To facilitate using escape sequences in regular expressions, you can use backticks to prevent Gravwell from unescaping your input. For example:

tag=syslog grep sshd | regex `shd.*Accepted (?P<method>\S*) for (?P<user>\S*) from (?P<ip>[0-9]+.[0-9]+.[0-9]+.[0-9]+)`

If you used double quotes instead of backticks, \S would have to be double-escaped as \\S. This feature is convenient in that it allows you to copy regular expressions directly from regular expression playgrounds and other sources.

Inline Filtering#

The regex module supports inline filtering for down-selecting data directly within the regex module. The inline filtering also enables regex to engage accelerators to dramatically reduce the amount of data that needs to be processed. Inline filtering is achieved in the same manner as other modules by using comparison operators. If a filter is enabled that specifies equality (“equal”, “not equal”, “contains”, “not contains”) any entry that fails the filter specification will be dropped entirely. If a field is specified as not equal “!=” and the field does not exist, the field is not extracted but the entry won’t be dropped entirely.

Operator

Name

Description

==

Equal

Field must be equal

!=

Not equal

Field must not be equal

~

Subset

Field contains the value

!~

Not Subset

Field does NOT contain the value

Filtering Examples#

The following query extracts auth methods, usernames, and IP addresses from SSH logs and filters down to only those entries where the username is “root” and the IP is in the 192.168.0.0/16 subnet.

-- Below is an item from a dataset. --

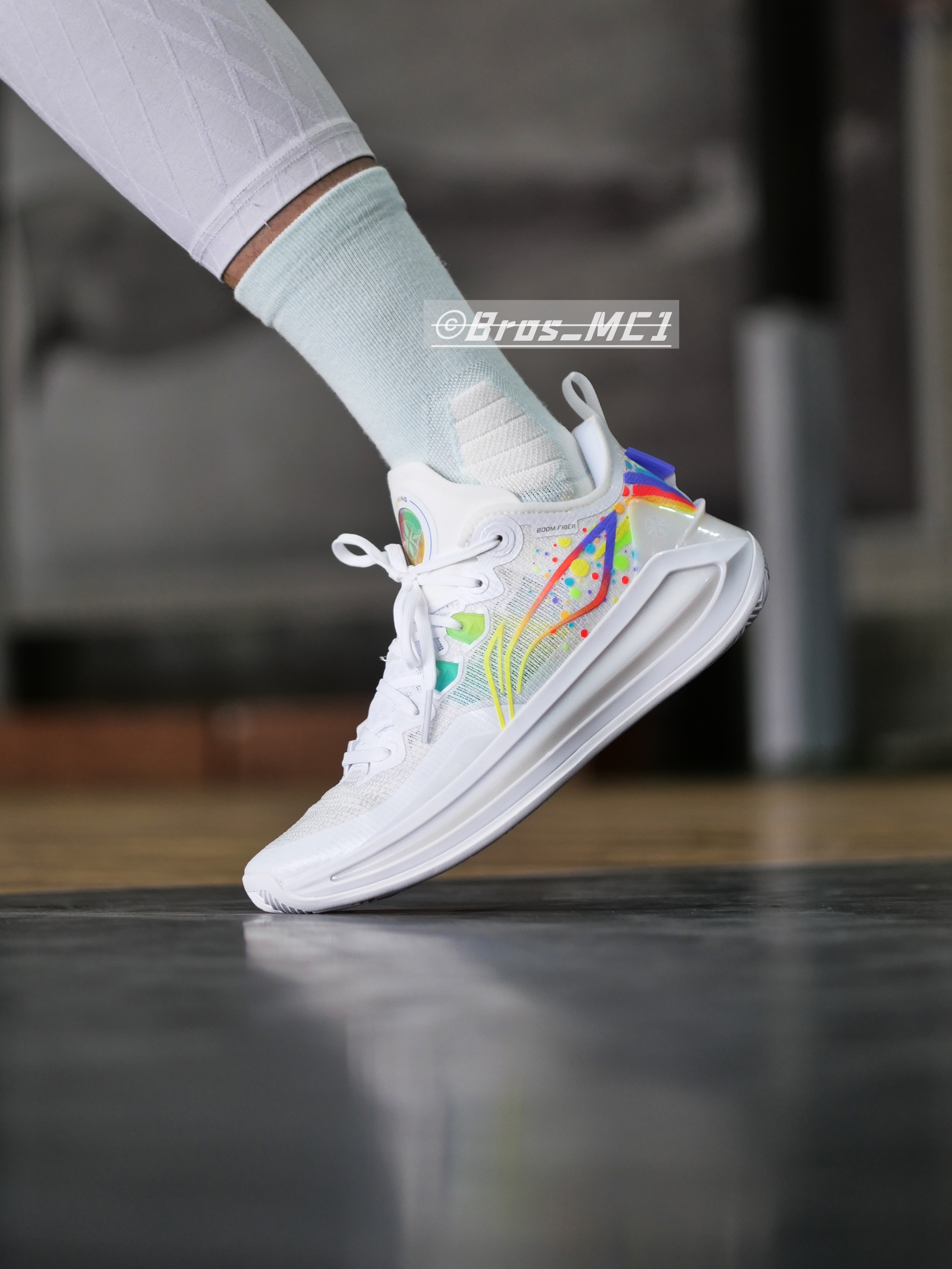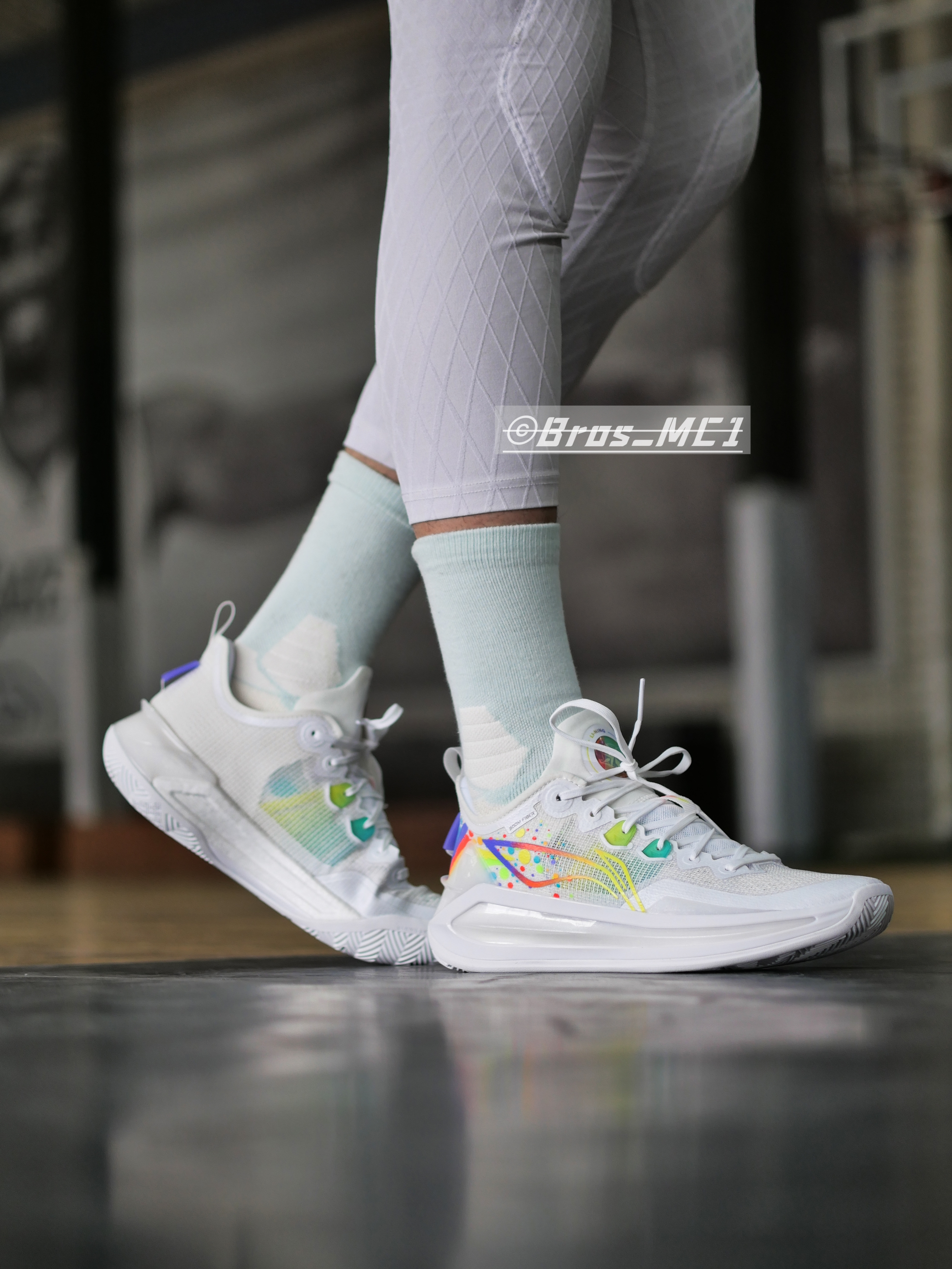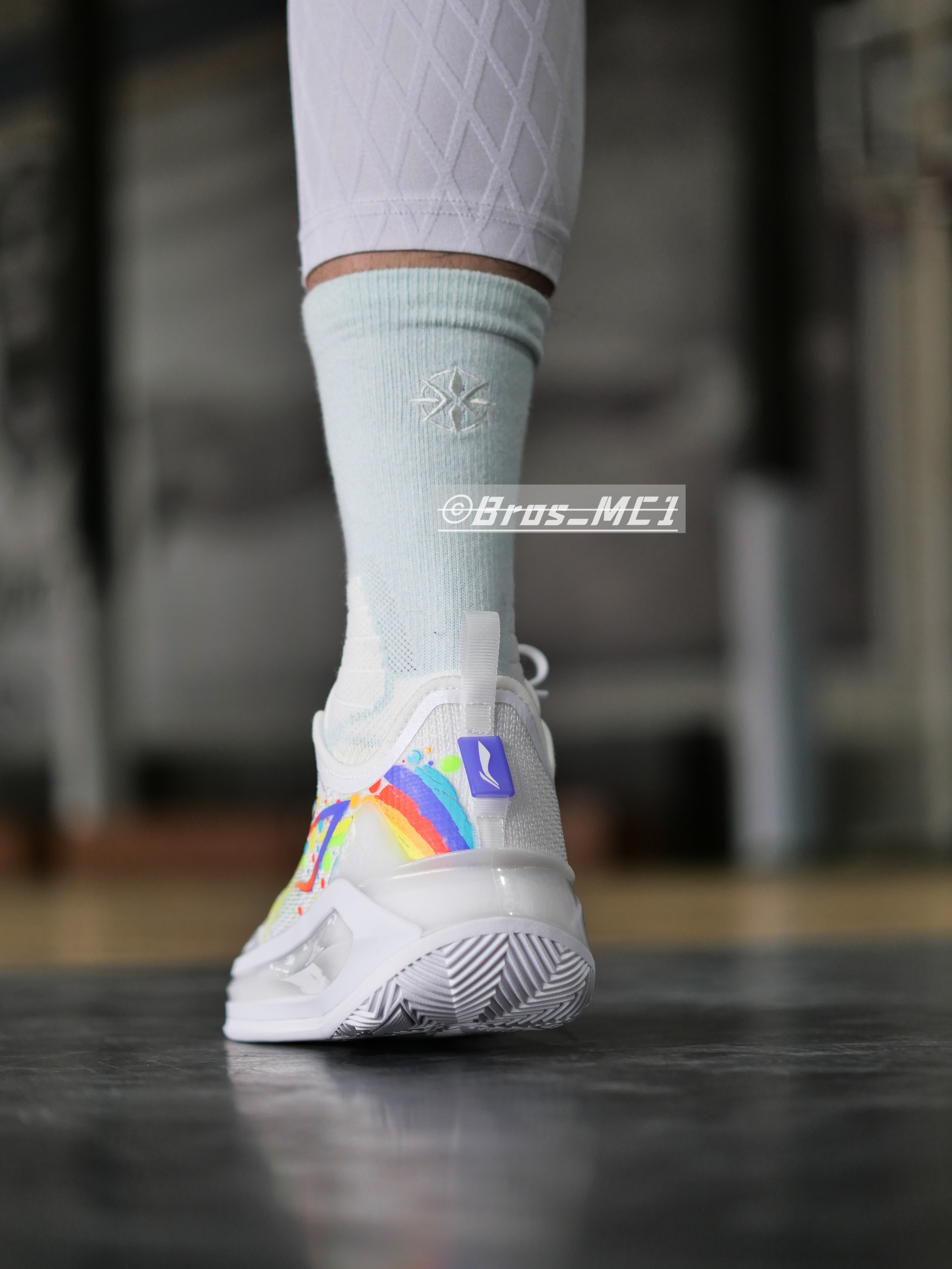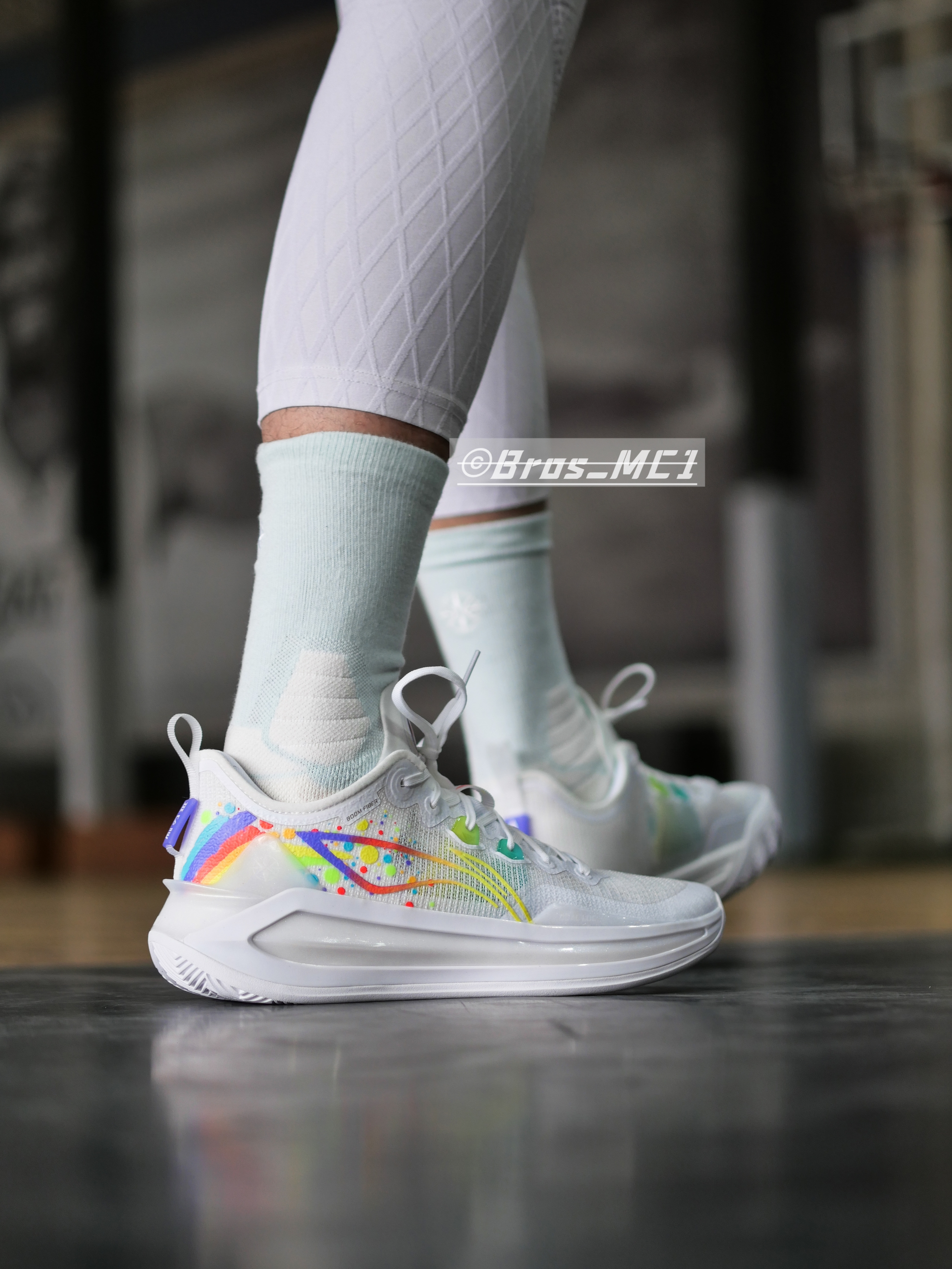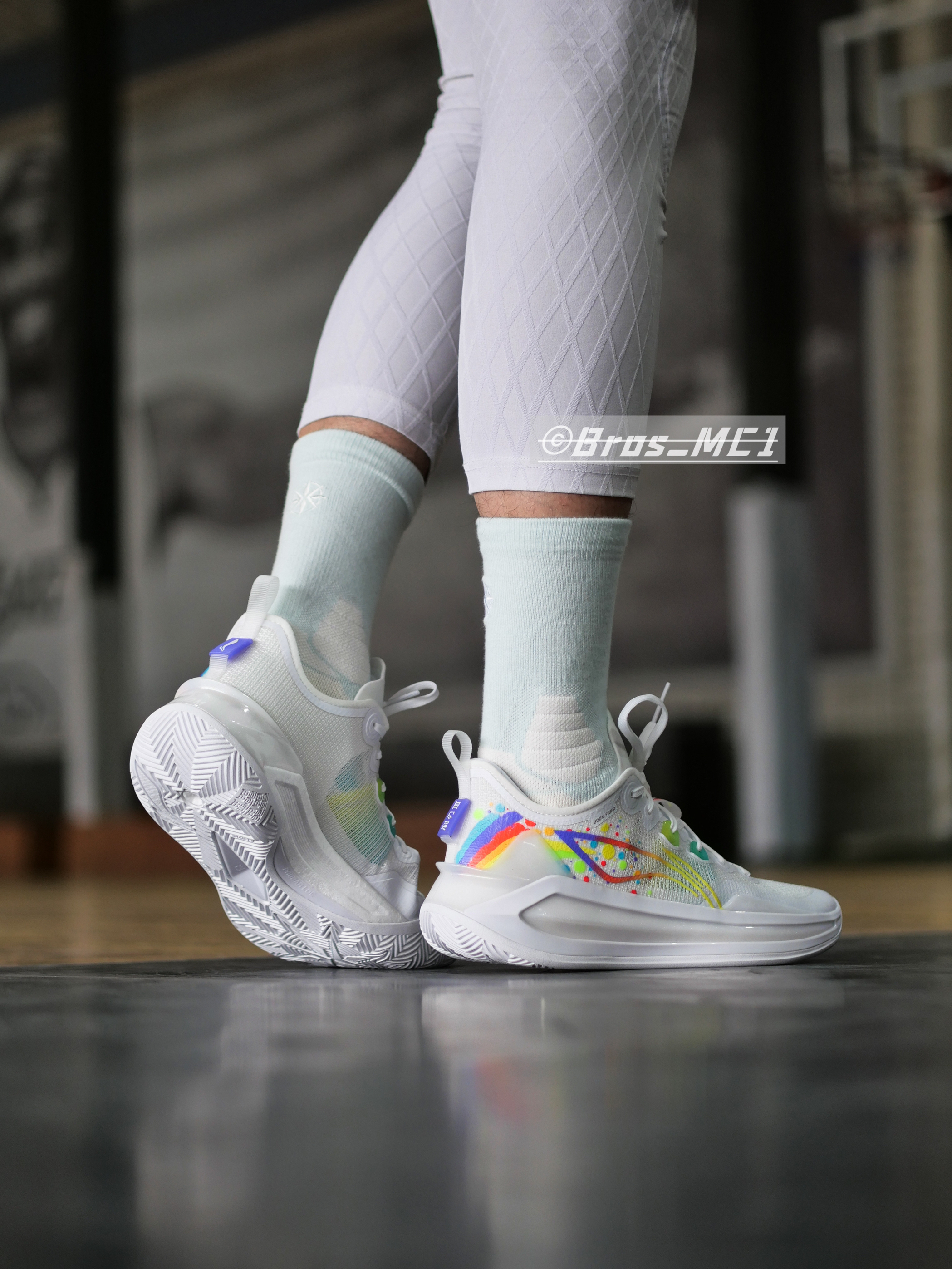 利刃3V2迎来“气象万千”主题色系,今天带来的是全新彩虹配色的上脚展示!注意这个配色附赠了一副彩虹鞋带哦! 🌈配色灵感 整体鞋身以白色为主色,鞋身logo等多处加入了彩虹元素,鞋舌部分添加彩虹闪卡,根据不同光线呈现多种颜色变化,整体的上脚效果非常的干净,同时彩虹的元素让整双鞋子充满活力! 👟配置解析 单只42码重量:389克! 相比中帮版本更灵活轻质! 配置&改变: 1⃣️鞋面升级成䨻丝:更轻、更...

tag=syslog regex `shd.*Accepted (?P<method>\S*) for (?P<user>\S*) from (?P<ip>[0-9]+.[0-9]+.[0-9]+.[0-9]+)` user==root ip ~ "192.168"

Full regular expression syntax#

The following is copied from the re2 documentation (see their license)

Regular expressions are a notation for describing sets of character strings. When a particular string is in the set described by a regular expression, we often say that the regular expression matches the string.

The simplest regular expression is a single literal character. Except for the metacharacters like *+?()|, characters match themselves. To match a metacharacter, escape it with a backslash: \+ matches a literal plus character.

Two regular expressions can be alternated or concatenated to form a new regular expression: if e1 matches s and e2 matches t, then e1|e2 matches s or t, and e1e2 matches st.

The metacharacters *, +, and ? are repetition operators: e1* matches a sequence of zero or more (possibly different) strings, each of which match e1; e1+ matches one or more; e1? matches zero or one.

The operator precedence, from weakest to strongest binding, is first alternation, then concatenation, and finally the repetition operators. Explicit parentheses can be used to force different meanings, just as in arithmetic expressions. Some examples: ab|cd is equivalent to (ab)|(cd); ab* is equivalent to a(b*).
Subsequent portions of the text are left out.